But let me re-focus this thread onto a specific question.

If resentment is the reason why my wife is distant and not interested in a sexual relationship should I:

1. Cool off, give her space to process the hurt. This would include no pressuring for sex, no initiating physical contact, no dates and generally avoiding any serious conversations about the relationship, ie. go into a standby/roommate mode until she feels comfortable moving the relationship forward.

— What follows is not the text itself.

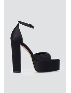 TFP Satin Platforms with Rhinestone Straps - 150 - Black/Steel

2. Take a more aggressive approach. Go on a lot more dates, increase (non-sexual and sexual) physical touch to try and reconnect. Talk about the issues from the past so that she can process the hurt, ie. go into super loving husband mode and help her remember why she married me.

Thoughts?


----------



## Trying2figureitout (Feb 3, 2011)

BALANCE said:


> Thanks for the feedback everybody.
> 
> But let me re-focus this thread onto a specific question.
> 
> ...


Depends on the time and depth of resentment...

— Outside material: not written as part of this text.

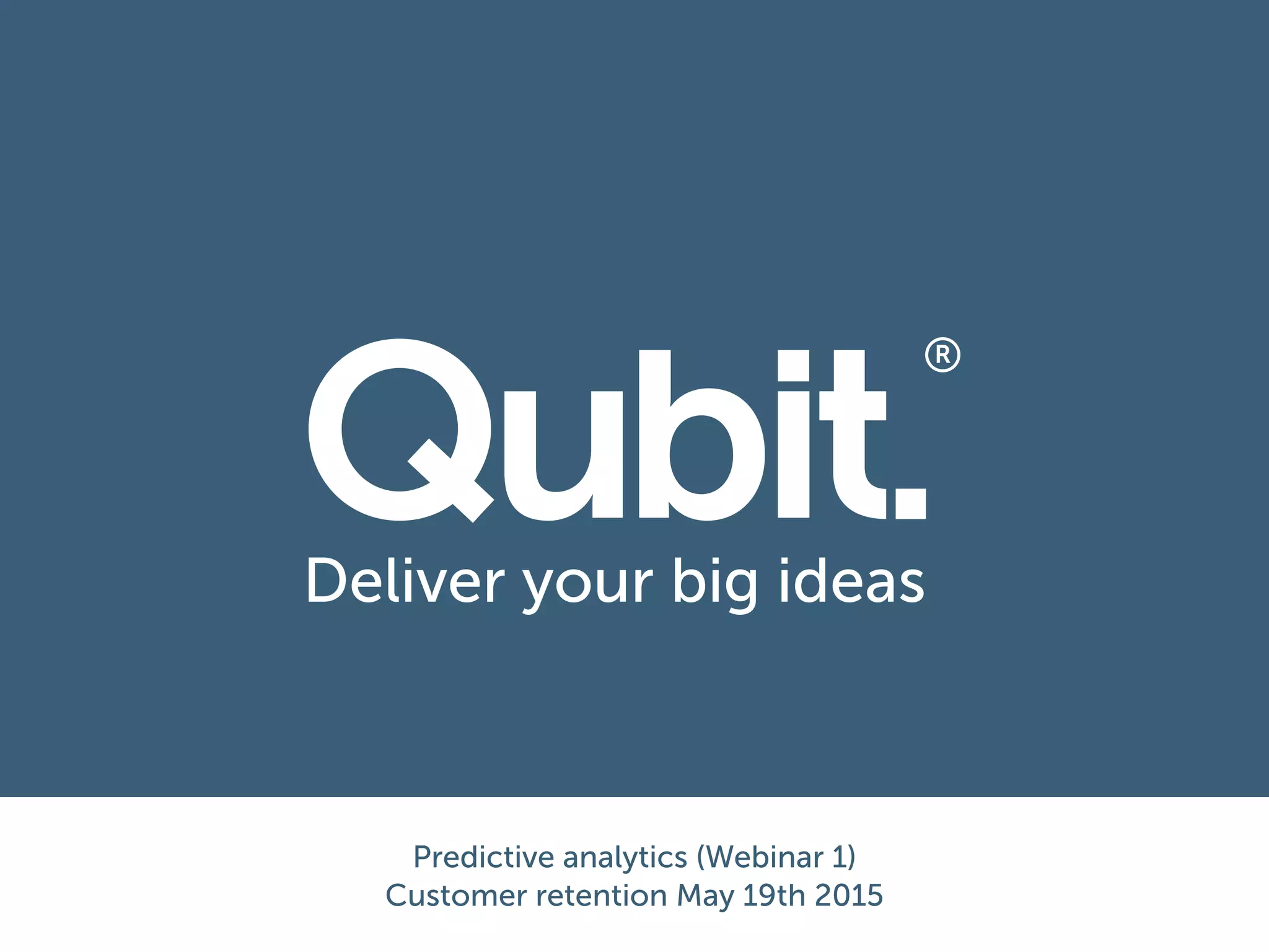 This document discusses using predictive analytics to improve customer retention. It outlines that predictive analytics can be used to analyze customer data to predict which customers are most at risk of churning (canceling their service). By understanding the causes of churn, companies can personalize the customer experience for at-risk customers, such as by cross-selling additional products or targeting discounts, in order to reduce churn. The document demonstrates how a predictive analytics tool called Qubit Decipher can analyze customer data to identify high-risk acquisition channels, behaviors, keywords, and individual customers to most effectively target retention efforts. Improving retention through predictive analytics can provide significant business value in increased revenue, customer lifetime value, and word-of-mouth referrals.

In general I think this is how it should go for best effect... 

Listen to her complaints
Back off
Heartfelt apology letter
Promise to learn and become a better man (Personal journey)
Learn all about women
Update her on progress
At about 6 months ask her on date to discover the new you and don't push for sex..ok to do non-sex touch
Keep dating and let her come to you

I do think most women need at least six months to two years to process their emotions in terms of resentments.... you need to create new positive memories that are consistent to replace the old bad ones.

It's a long process... no quick fix!

So I think you are at 1. on your list I wouldn't bring up the past only now and future.
You have to change into a better you... she's done with the old you.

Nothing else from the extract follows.